> What is required
Set down the data below without change, skipping the pictures it holds.

Items listed in a dataset

↓↓↓

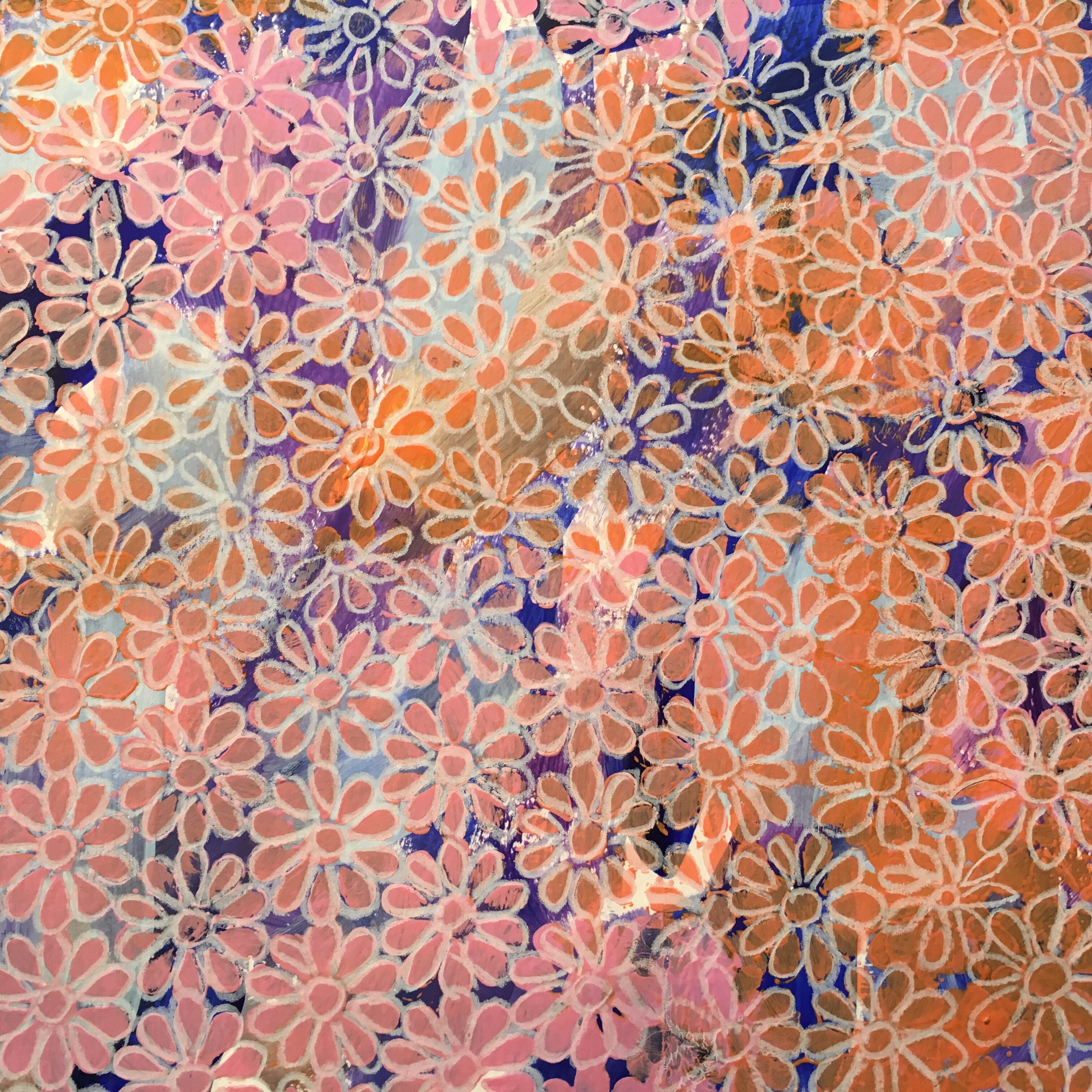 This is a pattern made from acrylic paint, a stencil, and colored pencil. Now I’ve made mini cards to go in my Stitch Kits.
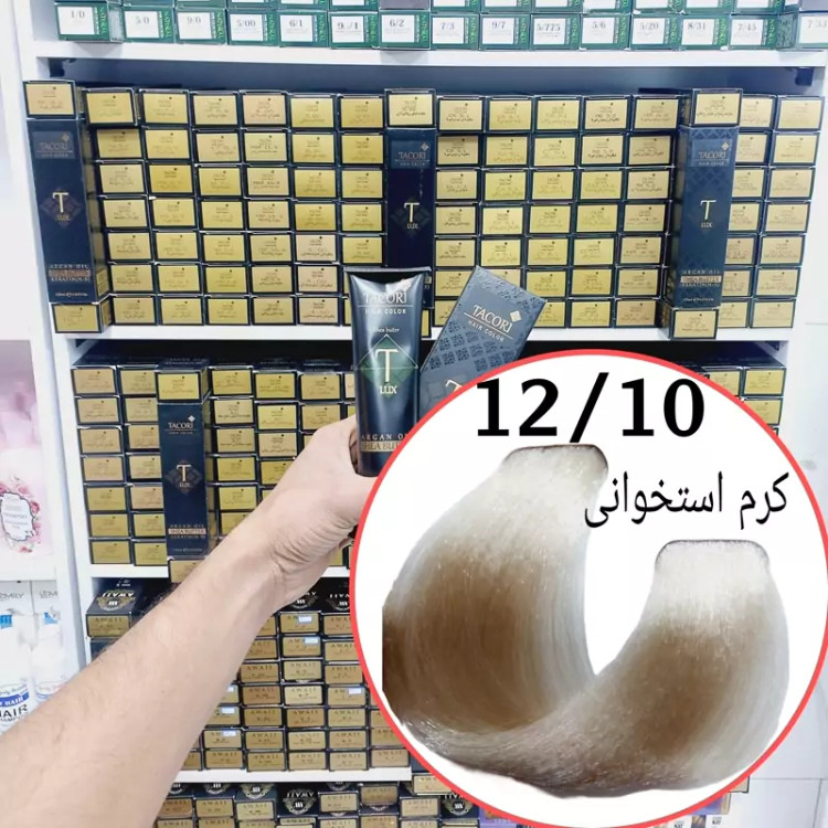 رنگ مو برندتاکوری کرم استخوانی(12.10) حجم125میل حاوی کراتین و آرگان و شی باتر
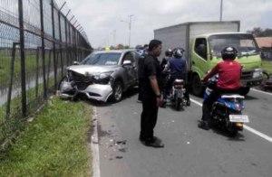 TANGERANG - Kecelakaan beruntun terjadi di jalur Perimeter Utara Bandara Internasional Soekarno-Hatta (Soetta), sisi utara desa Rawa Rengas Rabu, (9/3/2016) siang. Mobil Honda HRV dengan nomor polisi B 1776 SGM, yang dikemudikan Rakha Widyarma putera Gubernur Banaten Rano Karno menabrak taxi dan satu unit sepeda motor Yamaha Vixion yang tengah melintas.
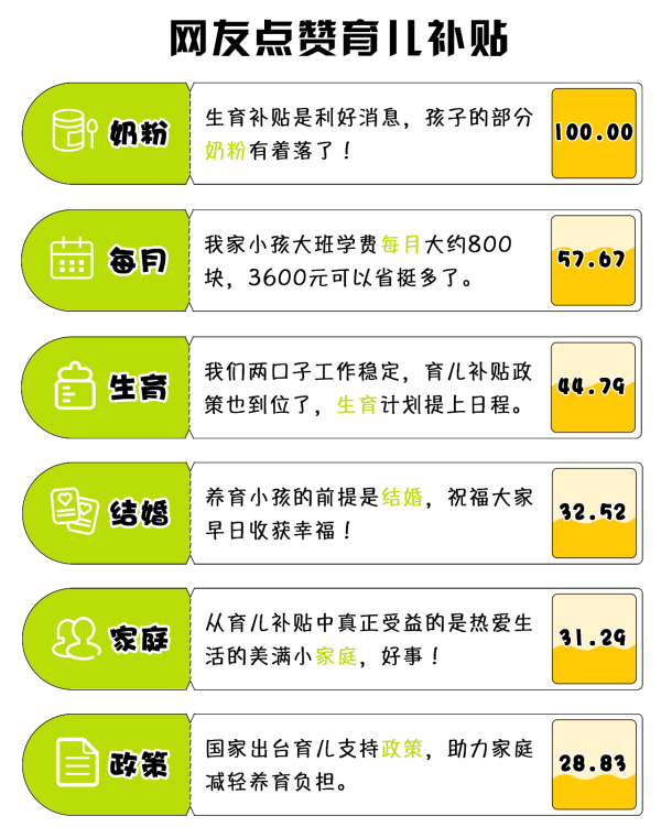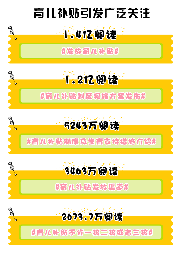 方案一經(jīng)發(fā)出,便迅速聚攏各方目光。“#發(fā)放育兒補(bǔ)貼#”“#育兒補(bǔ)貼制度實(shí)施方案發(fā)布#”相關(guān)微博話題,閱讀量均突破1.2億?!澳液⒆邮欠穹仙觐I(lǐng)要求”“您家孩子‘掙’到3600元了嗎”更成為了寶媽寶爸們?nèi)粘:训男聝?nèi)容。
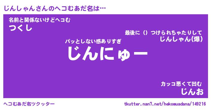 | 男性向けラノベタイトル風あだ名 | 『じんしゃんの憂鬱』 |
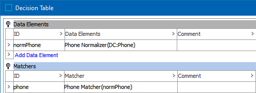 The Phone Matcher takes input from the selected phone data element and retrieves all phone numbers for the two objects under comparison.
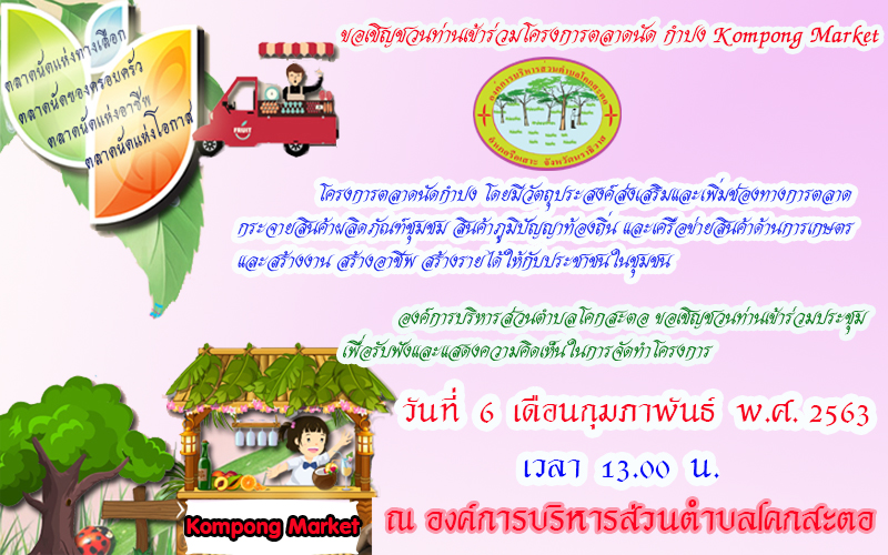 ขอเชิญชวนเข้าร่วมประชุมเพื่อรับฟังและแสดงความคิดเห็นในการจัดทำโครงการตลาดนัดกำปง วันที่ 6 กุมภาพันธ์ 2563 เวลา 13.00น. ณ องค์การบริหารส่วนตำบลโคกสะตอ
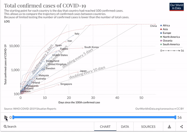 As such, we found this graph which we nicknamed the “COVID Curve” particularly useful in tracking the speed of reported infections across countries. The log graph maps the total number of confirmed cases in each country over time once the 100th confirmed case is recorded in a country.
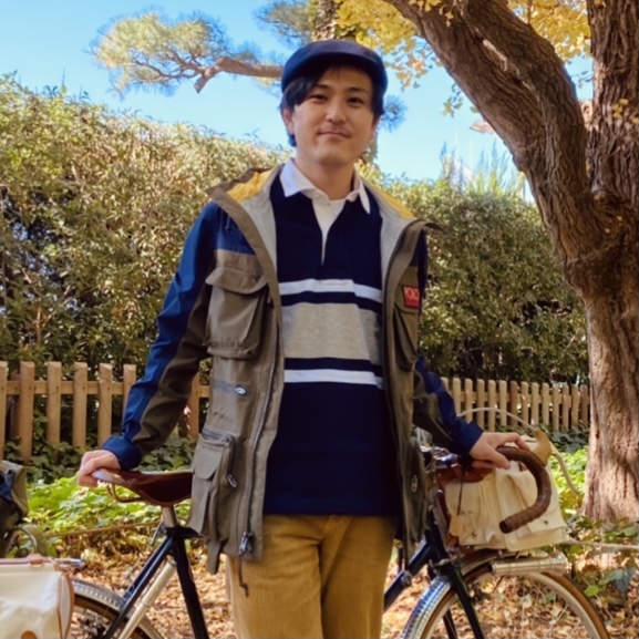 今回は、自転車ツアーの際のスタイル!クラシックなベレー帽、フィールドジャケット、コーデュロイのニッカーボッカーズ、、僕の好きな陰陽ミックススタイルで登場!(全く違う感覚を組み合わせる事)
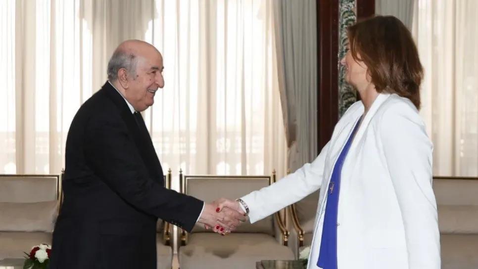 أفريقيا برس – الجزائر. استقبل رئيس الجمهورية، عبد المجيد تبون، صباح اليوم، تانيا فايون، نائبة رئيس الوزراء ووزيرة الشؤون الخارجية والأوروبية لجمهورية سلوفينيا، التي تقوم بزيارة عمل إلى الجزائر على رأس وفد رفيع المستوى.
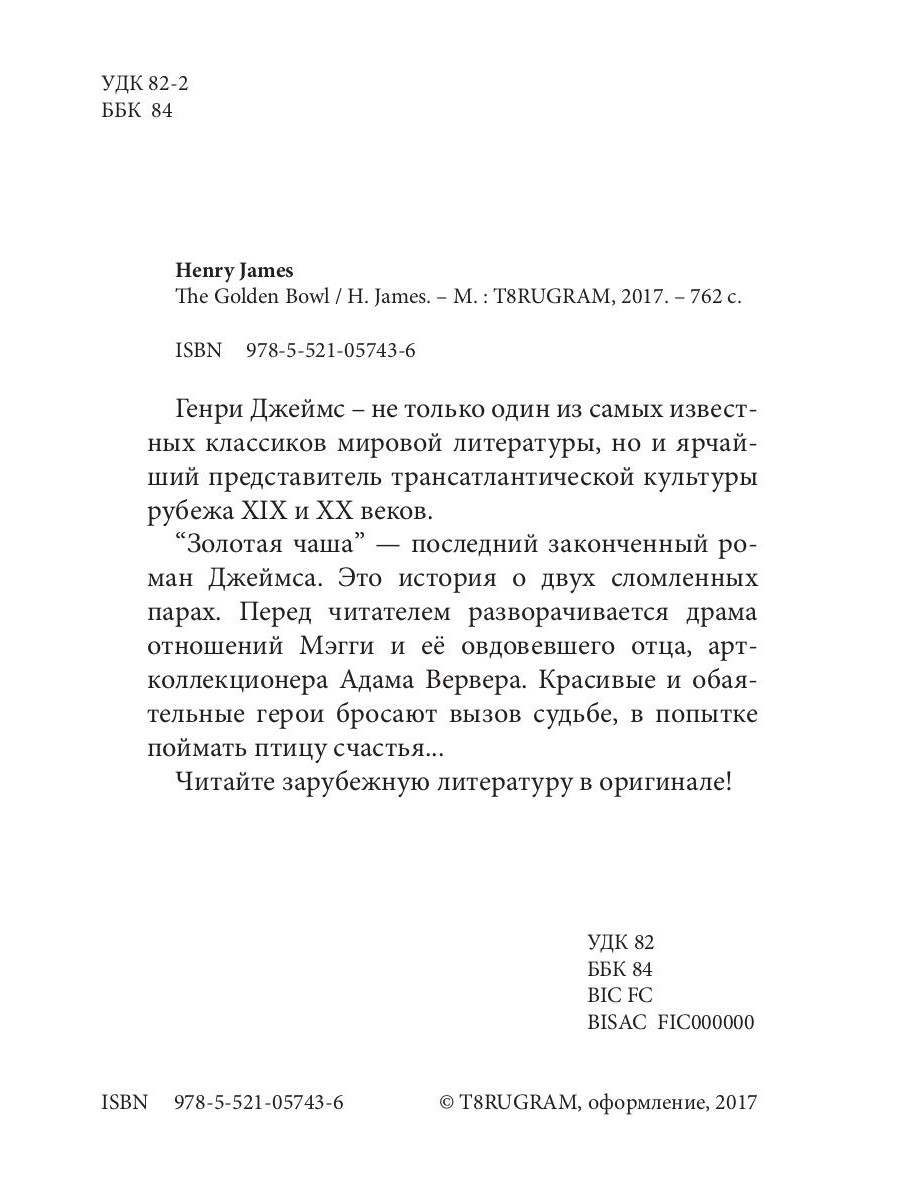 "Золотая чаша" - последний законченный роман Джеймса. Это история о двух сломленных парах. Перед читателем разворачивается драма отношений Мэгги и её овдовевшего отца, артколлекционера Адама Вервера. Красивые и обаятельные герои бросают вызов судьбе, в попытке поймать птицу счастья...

↑↑↑

> Answer to the exercise
 This is a pattern made from acrylic paint, a stencil, and colored pencil. Now I’ve made mini cards to go in my Stitch Kits.
 رنگ مو برندتاکوری کرم استخوانی(12.10) حجم125میل حاوی کراتین و آرگان و شی باتر
 TANGERANG - Kecelakaan beruntun terjadi di jalur Perimeter Utara Bandara Internasional Soekarno-Hatta (Soetta), sisi utara desa Rawa Rengas Rabu, (9/3/2016) siang. Mobil Honda HRV dengan nomor polisi B 1776 SGM, yang dikemudikan Rakha Widyarma putera Gubernur Banaten Rano Karno menabrak taxi dan satu unit sepeda motor Yamaha Vixion yang tengah melintas.
 方案一經(jīng)發(fā)出,便迅速聚攏各方目光。“#發(fā)放育兒補(bǔ)貼#”“#育兒補(bǔ)貼制度實(shí)施方案發(fā)布#”相關(guān)微博話題,閱讀量均突破1.2億?!澳液⒆邮欠穹仙觐I(lǐng)要求”“您家孩子‘掙’到3600元了嗎”更成為了寶媽寶爸們?nèi)粘:训男聝?nèi)容。
 | 男性向けラノベタイトル風あだ名 | 『じんしゃんの憂鬱』 |
 The Phone Matcher takes input from the selected phone data element and retrieves all phone numbers for the two objects under comparison.
 ขอเชิญชวนเข้าร่วมประชุมเพื่อรับฟังและแสดงความคิดเห็นในการจัดทำโครงการตลาดนัดกำปง วันที่ 6 กุมภาพันธ์ 2563 เวลา 13.00น. ณ องค์การบริหารส่วนตำบลโคกสะตอ
 As such, we found this graph which we nicknamed the “COVID Curve” particularly useful in tracking the speed of reported infections across countries. The log graph maps the total number of confirmed cases in each country over time once the 100th confirmed case is recorded in a country.
 今回は、自転車ツアーの際のスタイル!クラシックなベレー帽、フィールドジャケット、コーデュロイのニッカーボッカーズ、、僕の好きな陰陽ミックススタイルで登場!(全く違う感覚を組み合わせる事)
 أفريقيا برس – الجزائر. استقبل رئيس الجمهورية، عبد المجيد تبون، صباح اليوم، تانيا فايون، نائبة رئيس الوزراء ووزيرة الشؤون الخارجية والأوروبية لجمهورية سلوفينيا، التي تقوم بزيارة عمل إلى الجزائر على رأس وفد رفيع المستوى.
 "Золотая чаша" - последний законченный роман Джеймса. Это история о двух сломленных парах. Перед читателем разворачивается драма отношений Мэгги и её овдовевшего отца, артколлекционера Адама Вервера. Красивые и обаятельные герои бросают вызов судьбе, в попытке поймать птицу счастья...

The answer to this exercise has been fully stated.